Content starts
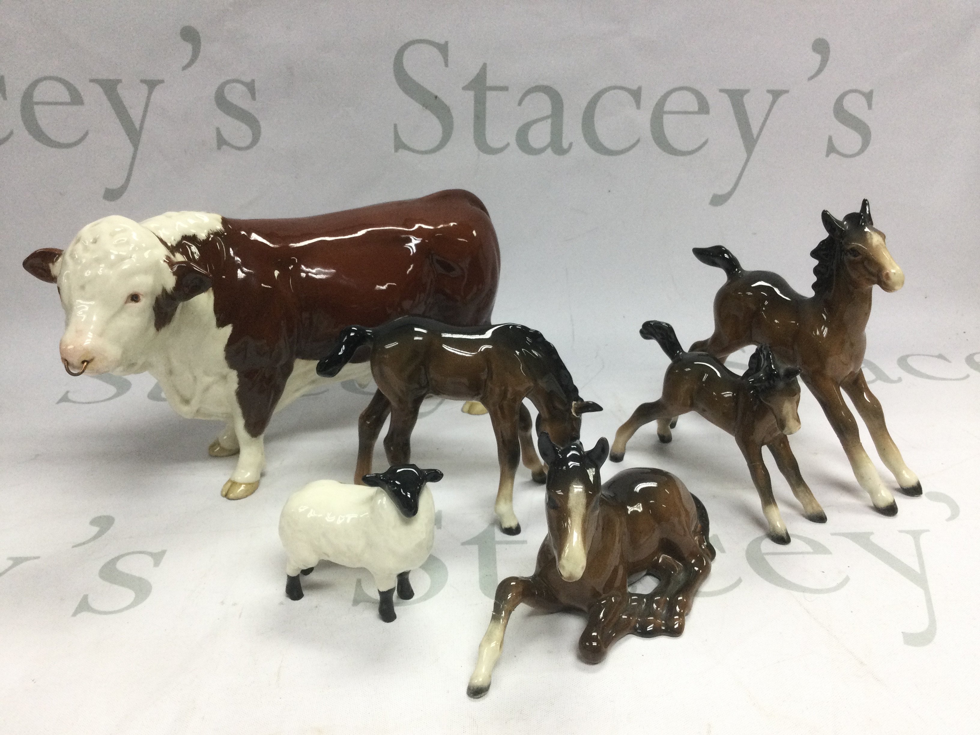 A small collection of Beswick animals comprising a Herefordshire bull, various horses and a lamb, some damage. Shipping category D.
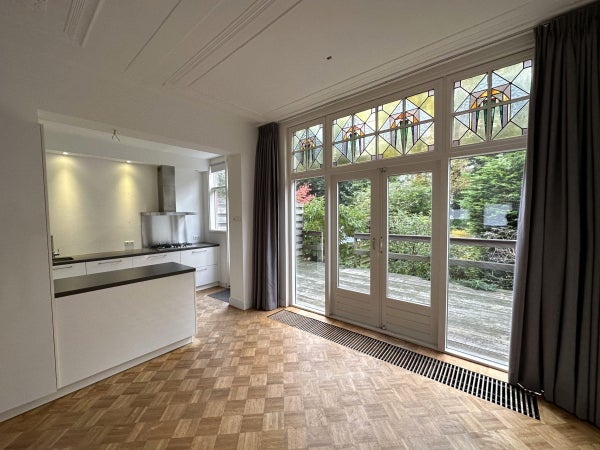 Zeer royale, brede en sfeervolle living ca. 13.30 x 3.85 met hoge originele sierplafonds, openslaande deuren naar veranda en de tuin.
Content ends
Content starts
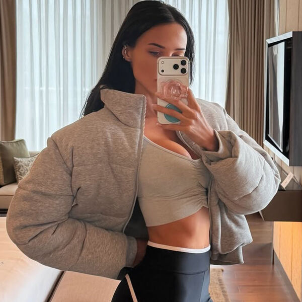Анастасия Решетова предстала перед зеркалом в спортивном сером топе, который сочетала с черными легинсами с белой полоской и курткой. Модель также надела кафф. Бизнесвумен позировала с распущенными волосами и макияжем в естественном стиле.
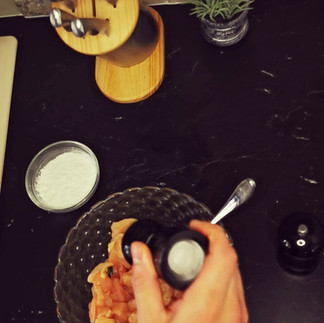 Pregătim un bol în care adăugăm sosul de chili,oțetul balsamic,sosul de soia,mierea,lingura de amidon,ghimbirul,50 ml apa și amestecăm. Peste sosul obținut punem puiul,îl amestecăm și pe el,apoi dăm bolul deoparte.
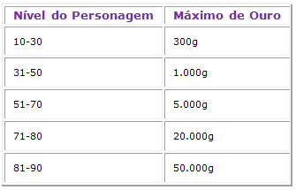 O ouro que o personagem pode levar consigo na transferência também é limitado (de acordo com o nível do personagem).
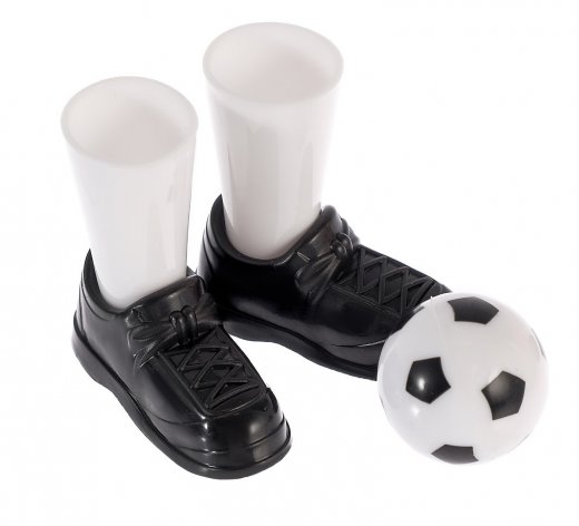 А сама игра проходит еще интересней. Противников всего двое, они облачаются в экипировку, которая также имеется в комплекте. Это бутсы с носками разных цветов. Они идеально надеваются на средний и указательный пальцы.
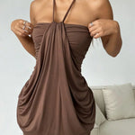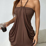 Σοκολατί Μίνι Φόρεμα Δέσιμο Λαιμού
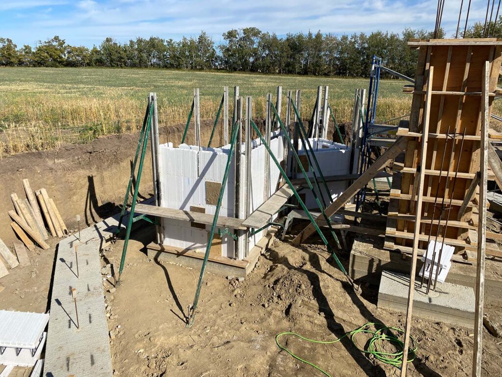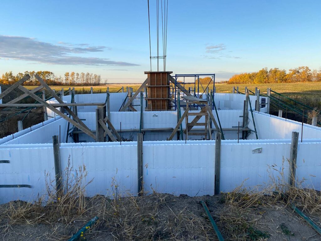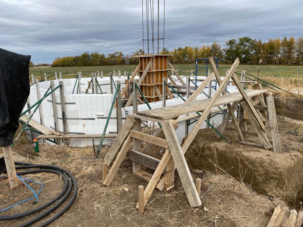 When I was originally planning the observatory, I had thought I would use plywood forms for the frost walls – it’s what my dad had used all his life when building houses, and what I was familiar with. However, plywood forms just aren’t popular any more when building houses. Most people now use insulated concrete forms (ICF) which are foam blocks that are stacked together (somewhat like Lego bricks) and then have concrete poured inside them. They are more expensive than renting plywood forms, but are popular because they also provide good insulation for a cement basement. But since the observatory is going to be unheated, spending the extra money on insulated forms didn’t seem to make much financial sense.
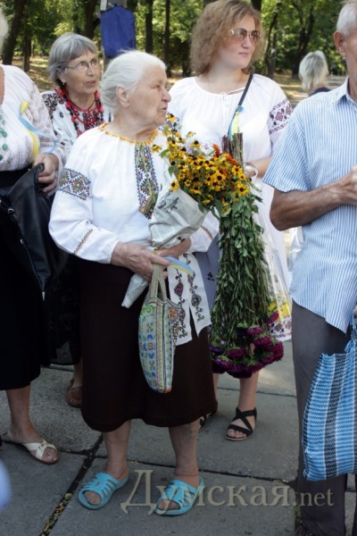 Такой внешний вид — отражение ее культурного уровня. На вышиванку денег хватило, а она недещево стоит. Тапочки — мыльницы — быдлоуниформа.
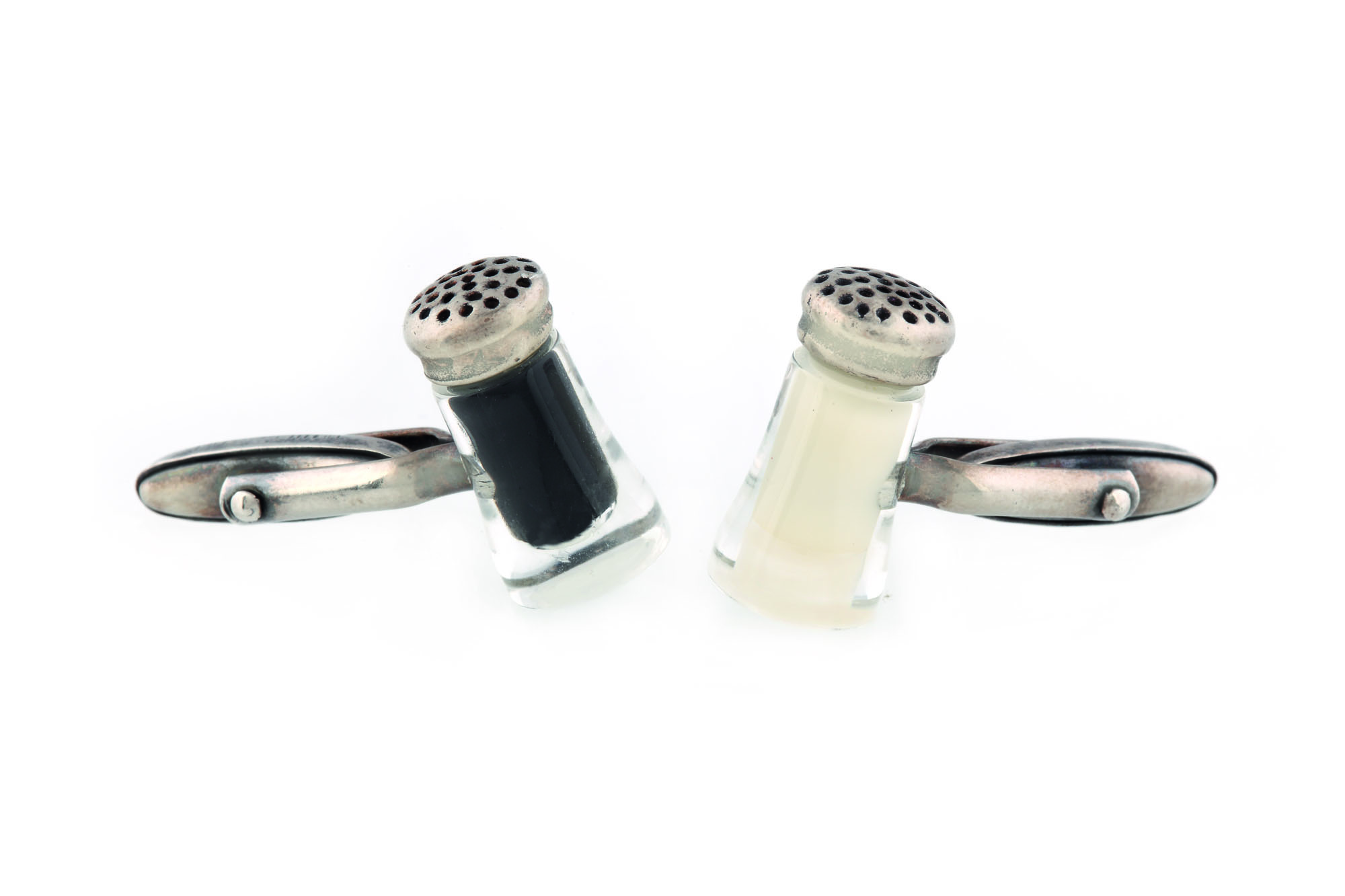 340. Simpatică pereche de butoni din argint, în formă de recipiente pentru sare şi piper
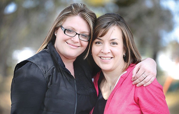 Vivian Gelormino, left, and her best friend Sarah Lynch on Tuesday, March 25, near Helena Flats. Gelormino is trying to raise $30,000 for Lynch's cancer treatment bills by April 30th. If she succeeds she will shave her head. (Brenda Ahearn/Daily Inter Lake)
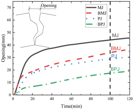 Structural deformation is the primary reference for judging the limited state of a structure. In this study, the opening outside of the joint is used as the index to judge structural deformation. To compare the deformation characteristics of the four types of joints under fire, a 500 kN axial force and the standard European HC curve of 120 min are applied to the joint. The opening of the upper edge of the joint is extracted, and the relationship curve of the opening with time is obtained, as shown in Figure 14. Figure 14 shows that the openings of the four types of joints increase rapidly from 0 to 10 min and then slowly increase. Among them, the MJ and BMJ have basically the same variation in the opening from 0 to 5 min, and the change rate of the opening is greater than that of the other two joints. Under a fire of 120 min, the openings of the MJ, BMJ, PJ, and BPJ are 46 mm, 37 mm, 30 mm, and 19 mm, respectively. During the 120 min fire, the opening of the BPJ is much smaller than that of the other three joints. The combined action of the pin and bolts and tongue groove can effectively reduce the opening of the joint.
Content ends
Content starts
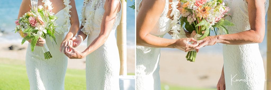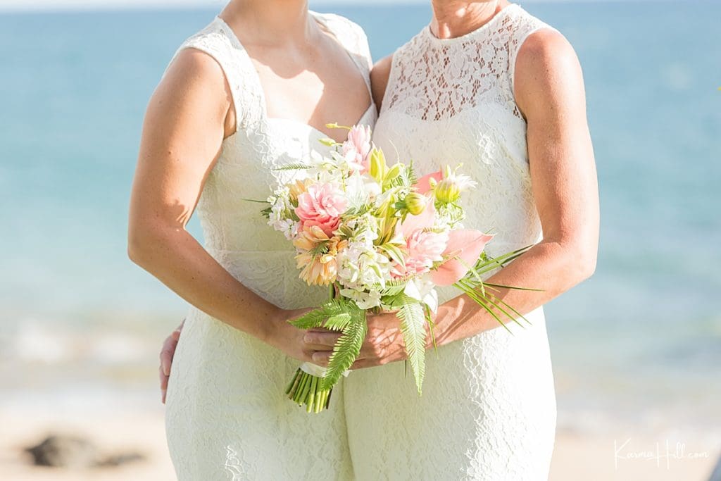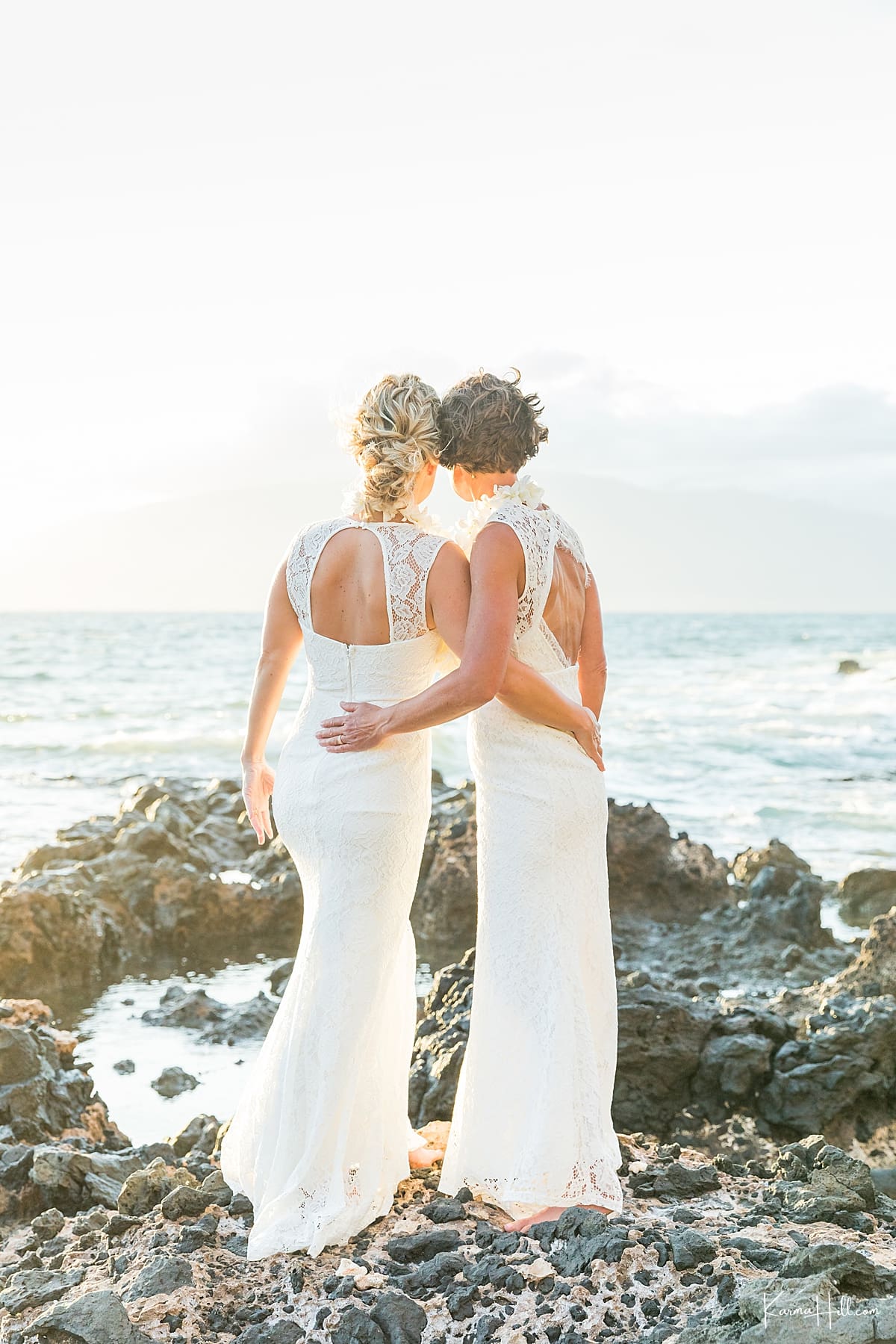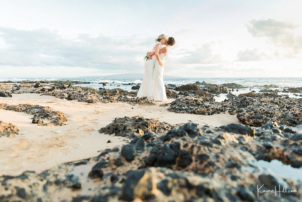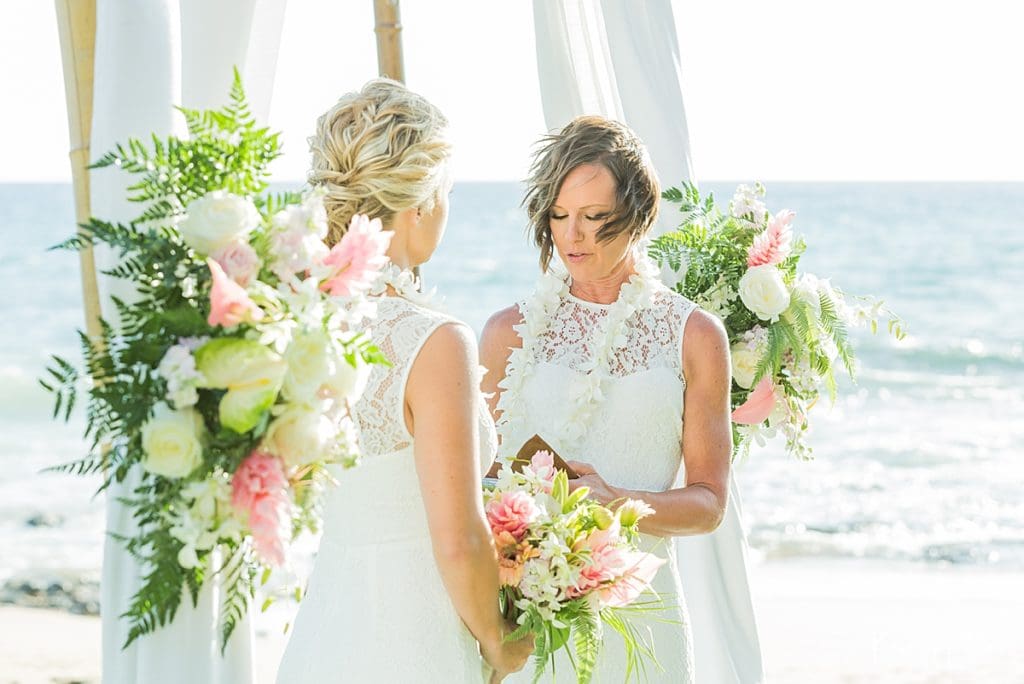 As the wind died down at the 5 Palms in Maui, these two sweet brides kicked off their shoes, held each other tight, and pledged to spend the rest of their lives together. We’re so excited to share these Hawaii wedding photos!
Content ends
Return exactly the part of the listing above that opens with the line containing "A small collection" and closes with the line containing "Zeer royale, brede". Pictures stay out.

 A small collection of Beswick animals comprising a Herefordshire bull, various horses and a lamb, some damage. Shipping category D.
 Zeer royale, brede en sfeervolle living ca. 13.30 x 3.85 met hoge originele sierplafonds, openslaande deuren naar veranda en de tuin.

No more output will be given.